The network in our hotel is cr*p suboptimal. Browsing the web generally works OK. Accessing anything else is a disaster. Sometimes I can connect Outlook via RPC over HTTP but generally I can't. It's soooo frustrating.

The conference facility is pretty nice. Microsoft have provided kiosk PCs for the purpose of submitting session evaluations and many people are using them for general Internet access too. Earlier today I was asked to contribute a couple of paragraphs to an upcoming magazine publication. I picked up the request via my Windows Mobile phone in between sessions this morning. I headed back to the hotel at lunchtime to write my prose. It's a really short notice piece so you can imagine my frustration when I couldn't get my message to sync to the server...

I returned to the conference centre in time to listen to the next session on my schedule. As I left the session I walked past a row of kiosk PCs. A browser session was open on screen inviting me to enter my corporate credentials to submit my session evaluation. I was about to browse to Outlook Web Access (or whatever it's called today!) to access my email when I realised what I was about to do - commit a security sin! I HAVE NO REASON TO TRUST the security of the kiosk machine OR the network it's connected to. The conference centre is large and has many points of access hence I don't trust that everyone there is actually a Microsoft employee. The physical security staff seem pretty attentive though I can think of a number of ways someone with enough enthusiasm could wander past them unchallenged.
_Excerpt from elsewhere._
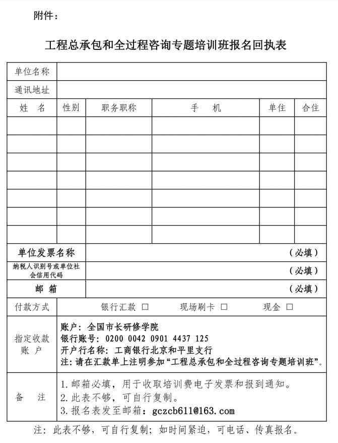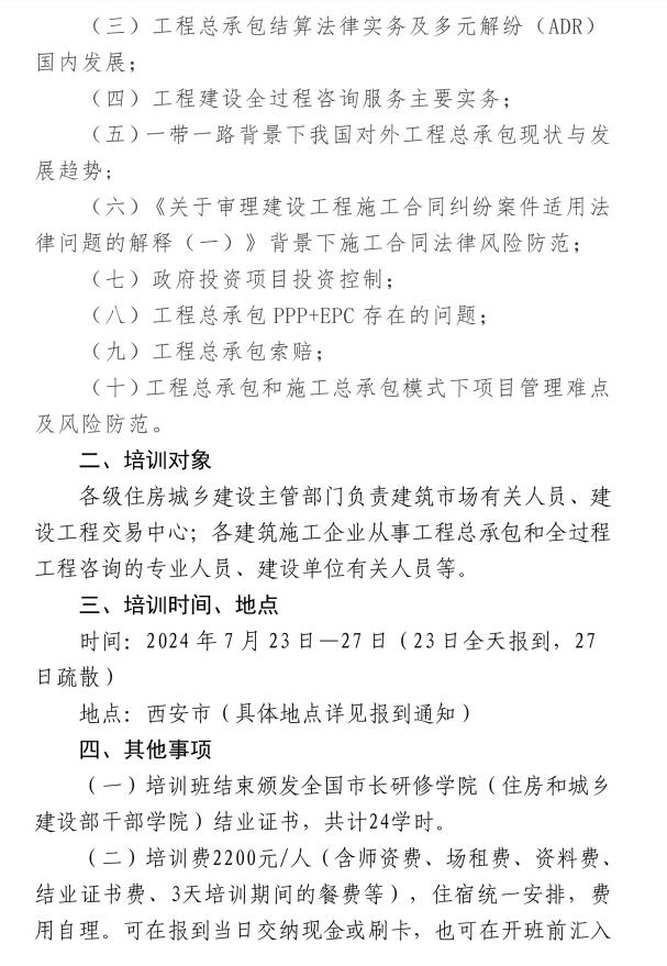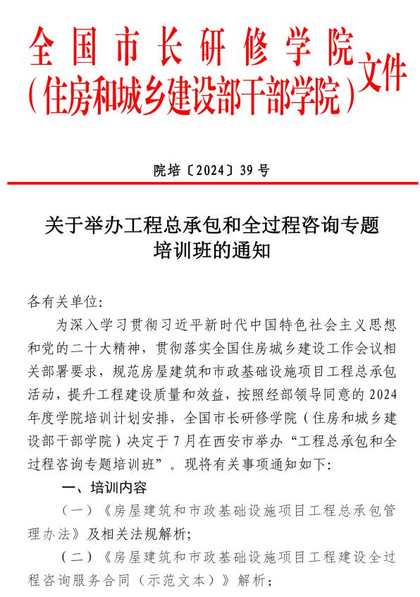 【转发】关于举办工程总承包和全过程咨询专题培训班的通知

My biggest concern was that a miscreant could have fitted a hardware keylogger to the machine and I didn't have physical access to the back of the machine to find out. Equally well there could have been a software keylogger on there.

STEP AWAY FROM THE MACHINE!

At my next opportunity I returned to the hotel, picked up my laptop and headed to a wonderful coffee shop that provided free Internet access and delightful coffee. In such an environment I COULD TRUST the client machine and without being REALLY PARANOID could accept that I DIDN'T NEED TO TRUST the network.